*** Supplied material ***

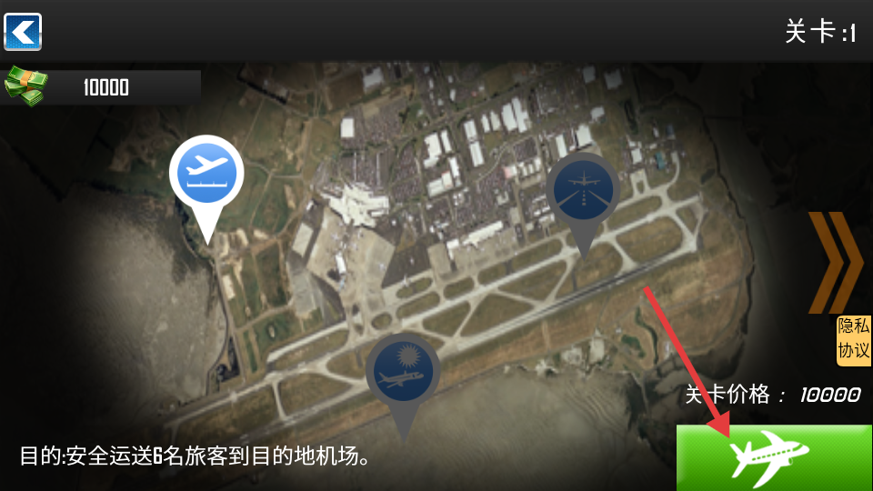 3、進(jìn)入關(guān)卡選擇界面,能看到地圖上標(biāo)注著不同的關(guān)卡點(diǎn),每個(gè)關(guān)卡都有相應(yīng)的任務(wù)說(shuō)明,選擇好關(guān)卡后點(diǎn)擊右下角綠色的飛機(jī)按鈕,支付對(duì)應(yīng)的關(guān)卡價(jià)格。
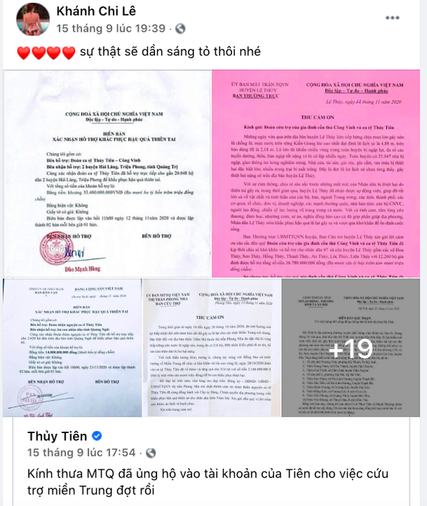 Trên Facebook cá nhân, Khánh Chi đã liên tục chia sẻ bài đăng từ Fanpage của chị dâu Thuỷ Tiên để thể hiện sự ủng hộ và tin tưởng hết lòng. Không chỉ thế, em gái Công Vinh còn thốt lên 3 chứ "Đã cái nư" khi đọc thông tin luật sư sẽ vào cuộc để đòi lại công bằng, danh dự cho vợ chồng Thuỷ Tiên.
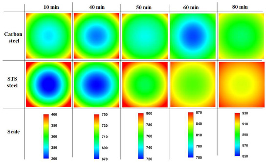 Figure 8 shows a comparison of the temperature contours of the billet between the carbon steel and STS as a function of residence time. As mentioned above, the temperature deviation of the STS billet was higher in the initial heating stage, and that of the carbon steel billet was higher after the phase transformation.
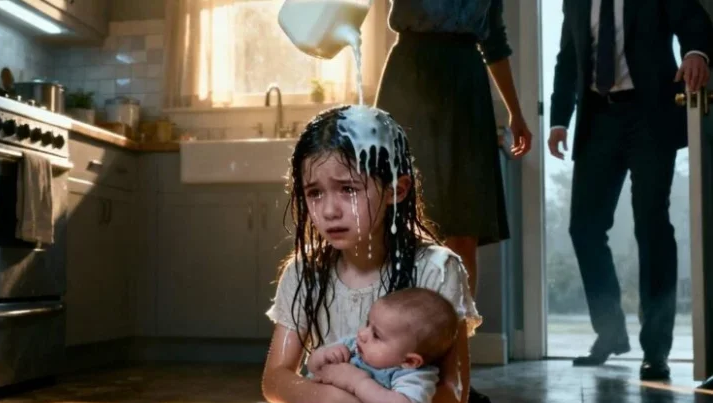 Emily était accroupie sur le carrelage, du lait coulant dans ses cheveux, sa robe trempée, des flaques s’étendant autour de ses genoux. Elle serrait Alex contre sa poitrine, le petit visage enfoui dans son épaule. Debout au-dessus d’eux, le visage tordu par la colère, se tenait Vanessa — tenant le bidon de lait vide comme une arme.

*** End of Supplied material ***

Problem requirements: The exact lines from the beginning of the data through the one that contains "Figure 8 shows" must be given again, both ends included, and pictures must be left out.

Solution:
 3、進(jìn)入關(guān)卡選擇界面,能看到地圖上標(biāo)注著不同的關(guān)卡點(diǎn),每個(gè)關(guān)卡都有相應(yīng)的任務(wù)說(shuō)明,選擇好關(guān)卡后點(diǎn)擊右下角綠色的飛機(jī)按鈕,支付對(duì)應(yīng)的關(guān)卡價(jià)格。
 Trên Facebook cá nhân, Khánh Chi đã liên tục chia sẻ bài đăng từ Fanpage của chị dâu Thuỷ Tiên để thể hiện sự ủng hộ và tin tưởng hết lòng. Không chỉ thế, em gái Công Vinh còn thốt lên 3 chứ "Đã cái nư" khi đọc thông tin luật sư sẽ vào cuộc để đòi lại công bằng, danh dự cho vợ chồng Thuỷ Tiên.
 Figure 8 shows a comparison of the temperature contours of the billet between the carbon steel and STS as a function of residence time. As mentioned above, the temperature deviation of the STS billet was higher in the initial heating stage, and that of the carbon steel billet was higher after the phase transformation.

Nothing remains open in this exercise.